Trevor Lock: Some Kind of Fool

Review by Susan Robinson | 12 Aug 2009

Trevor Lock would have you believe that he doesn’t know the difference between a mouse and a vagina. But that’s just his type of comedy. It’s about surreal meanderings, tangled chains of word association and infrequent but well structured puns. Not jokes - that’s just not 'cutting edge'.

Following 20 minutes of unsuccessfully probing the audience, Lock enforces a game of Chinese whispers after hearing two audience members mutter: “When is he going to say something funny?” It’s when Lock has to defend the distinct lack of jokes in his set that he warms up.

For the most part Lock is all about being awkward – most notably when he verbally manoeuvres a woman into telling him that her husband left her for another woman, producing an atmosphere of embarrassment as opposed to a punchline. He stays on stage after the show has finished, so that noone is sure whether or not they are permitted to leave. During the game of whispers, the gentleman beside me refuses to pass on the sweary message uncensored, prompting Lock to spout a stream of profanities before reproaching me for laughing at vulgar language.

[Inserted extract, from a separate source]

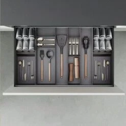 Organizador Inclinado Orderbox Para Cajón, 150x470mm, Acero Y Madera, Gris Antracita – Emuca
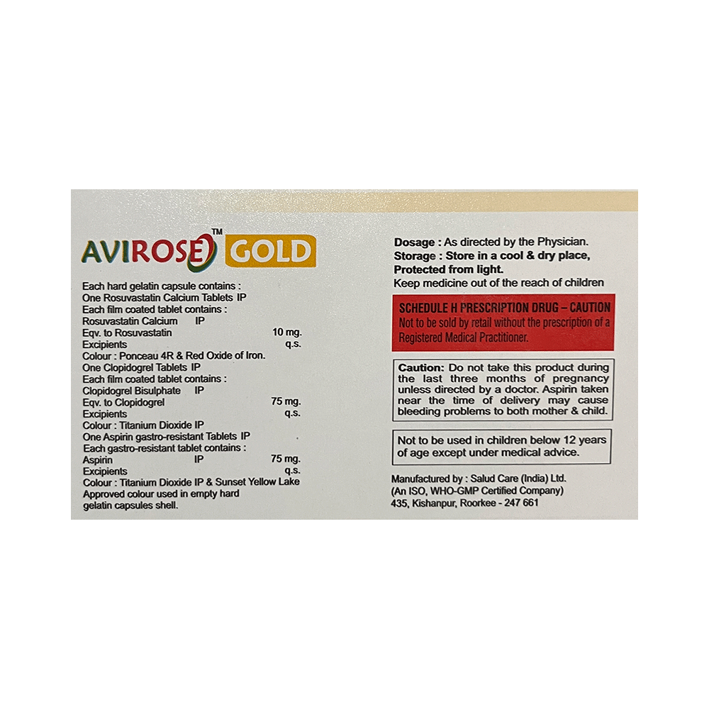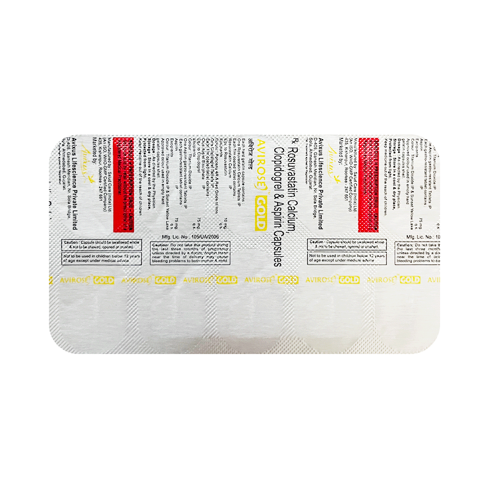 In Prevention of Heart attackAvirose Gold Capsule is a combination medicine that is used to prevent heart attack. It contains Rosuvastatin that works by reducing the amount of “bad†cholesterol (LDL) and raising the amount of “good†cholesterol (HDL) in your blood. High levels of cholesterol can cause your blood vessels to narrow (atherosclerosis). Lowering the amount of cholesterol reduces the chances of heart diseases and helps you remain healthier for longer. Besides, it also contains two blood thinners, Aspirin and Clopidogrel, that together prevent the formation of blood clots and also prevent the existing ones from growing bigger in size. Take it regularly and make appropriate lifestyle changes (such as eating healthy and staying active) to maximize the effectiveness of this medicine. Keep taking it even if you feel well.In Treatment of Peripheral vascular diseasePeripheral vascular disease refers to the condition of disturbed blood circulation in blood vessels. Avirose Gold Capsule prevents blood from clotting inside the veins and arteries. This helps the blood flow freely around your body thereby preventing a heart attack or stroke (or deep vein thrombosis or pulmonary embolism). It helps prevent the formation of blood clots and also prevents the existing ones from growing blogger in size. Make appropriate lifestyle changes (such as eating healthy and staying active) to maximize the effectiveness of this medicine.In Prevention of StrokeHigh blood pressure might cause blood clots which blocks the flow of blood to the brain causing stroke. Avirose Gold Capsule helps lower your blood pressure and thus reduce the risk of a stroke. Avirose Gold Capsule also prevents blood from clotting inside the veins and arteries. This helps the blood flow freely around your body thereby preventing a stroke. This medicine prevent the formation of blood clots and also prevent the existing ones from growing blogger in size. Take it regularly and make appropriate lifestyle changes (such as eating healthy and staying active) to maximize the effectiveness of this medicine. Keep taking it even if you feel well.show moreshow less

In a pretend attempt to please a young member of the audience, Lock makes an ironic stab at observational comedy which is as tedious as it sounds. It's when Lock drops the irony, and lowers his intellect to a level compatible with raising laughs rather than the odd knowing smirk, that he looks like a comedian. It’s a role he would easily fulfil if he didn’t leave the entertainment to his audience.